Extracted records
..........

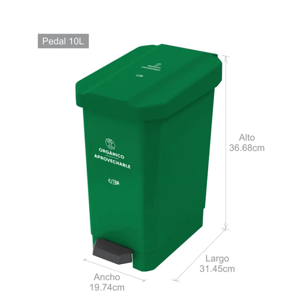 Caneca-Papelera Estrabins Pedal 10L\Verde-Organico Aprovechable\\Emp 4
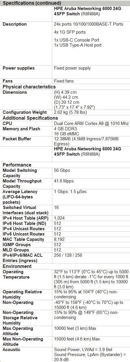HPE Aruba Networking 6000 Switch Specifications
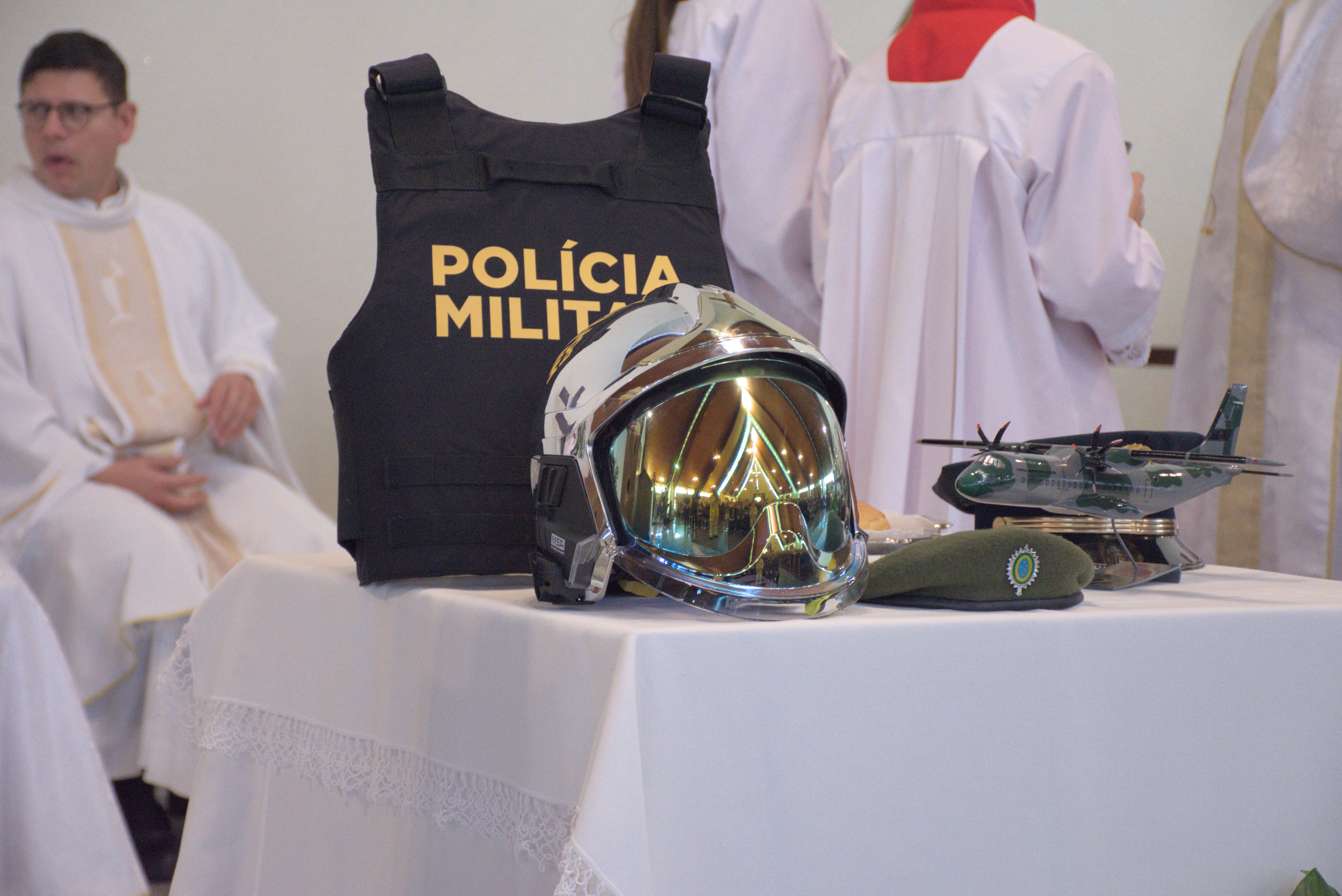 Após cantos de louvor e da liturgia, que teve a participação especial de integrantes das diversas forças de segurança, pouco antes do rito de Consagração, itens simbolizando as forças de segurança presentes foram posicionados ao lado do altar para a bênção. Eram eles um capacete do Corpo de Bombeiros; uma boina do Exército; uma réplica de avião, lembrando a Aeronáutica; um quepe da Guarda Municipal; e um colete balístico da Polícia Militar.
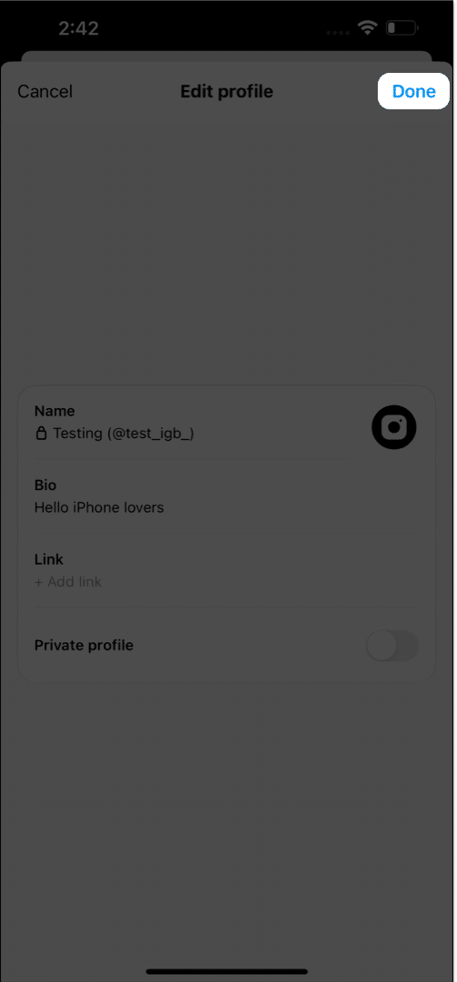 - بر روی گزینه Edit Profile ضربه بزنید.
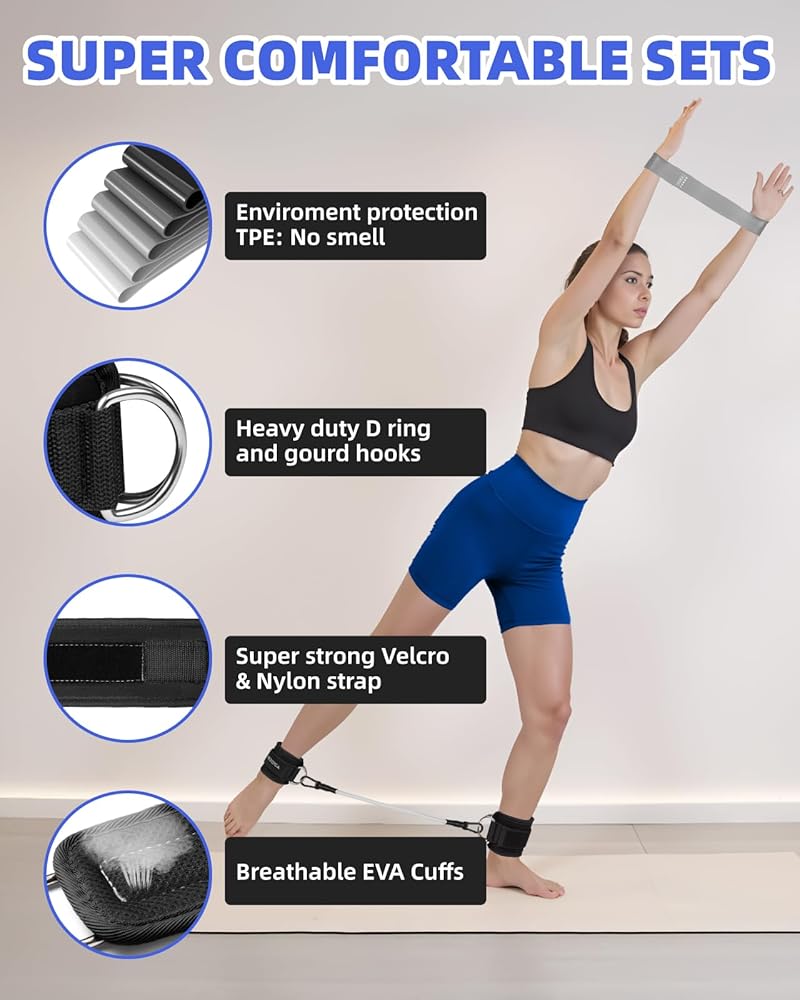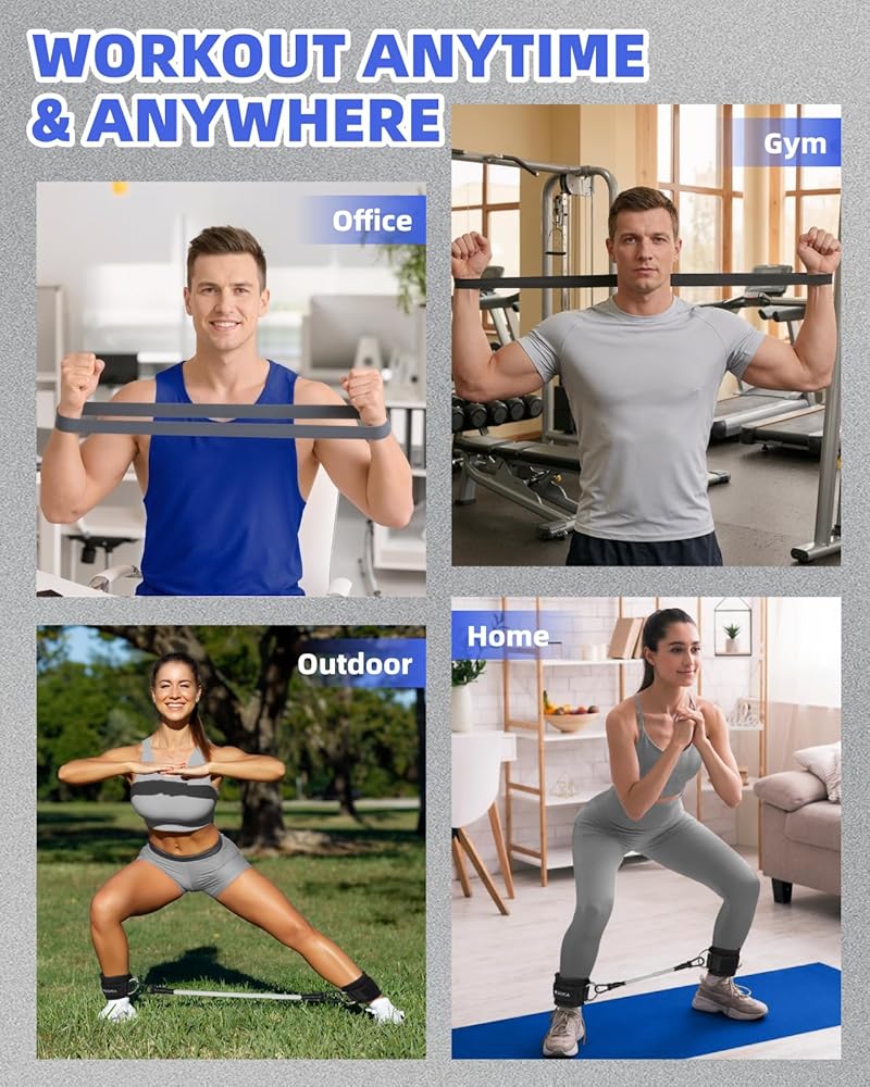 【A Full-Body Gym with Guided Workouts for Every Goal】 Get everything you need to target all muscle groups. Use the five resistance bands for arms, back, shoulders, and core. The dedicated ankle bands build lower body strength with targeted exercises. Our included training guide provides clear instructions for endless exercise combinations, helping you sculpt, tone, and achieve your fitness objectives effectively and safely.

..........

**INSTRUCTIONS FOR THE TASK:** Each entry must be reproduced word for word, and any image among them left out.

**RESULT OF THE EXERCISE:**
 Caneca-Papelera Estrabins Pedal 10L\Verde-Organico Aprovechable\\Emp 4
HPE Aruba Networking 6000 Switch Specifications
 Após cantos de louvor e da liturgia, que teve a participação especial de integrantes das diversas forças de segurança, pouco antes do rito de Consagração, itens simbolizando as forças de segurança presentes foram posicionados ao lado do altar para a bênção. Eram eles um capacete do Corpo de Bombeiros; uma boina do Exército; uma réplica de avião, lembrando a Aeronáutica; um quepe da Guarda Municipal; e um colete balístico da Polícia Militar.
 - بر روی گزینه Edit Profile ضربه بزنید.
 【A Full-Body Gym with Guided Workouts for Every Goal】 Get everything you need to target all muscle groups. Use the five resistance bands for arms, back, shoulders, and core. The dedicated ankle bands build lower body strength with targeted exercises. Our included training guide provides clear instructions for endless exercise combinations, helping you sculpt, tone, and achieve your fitness objectives effectively and safely.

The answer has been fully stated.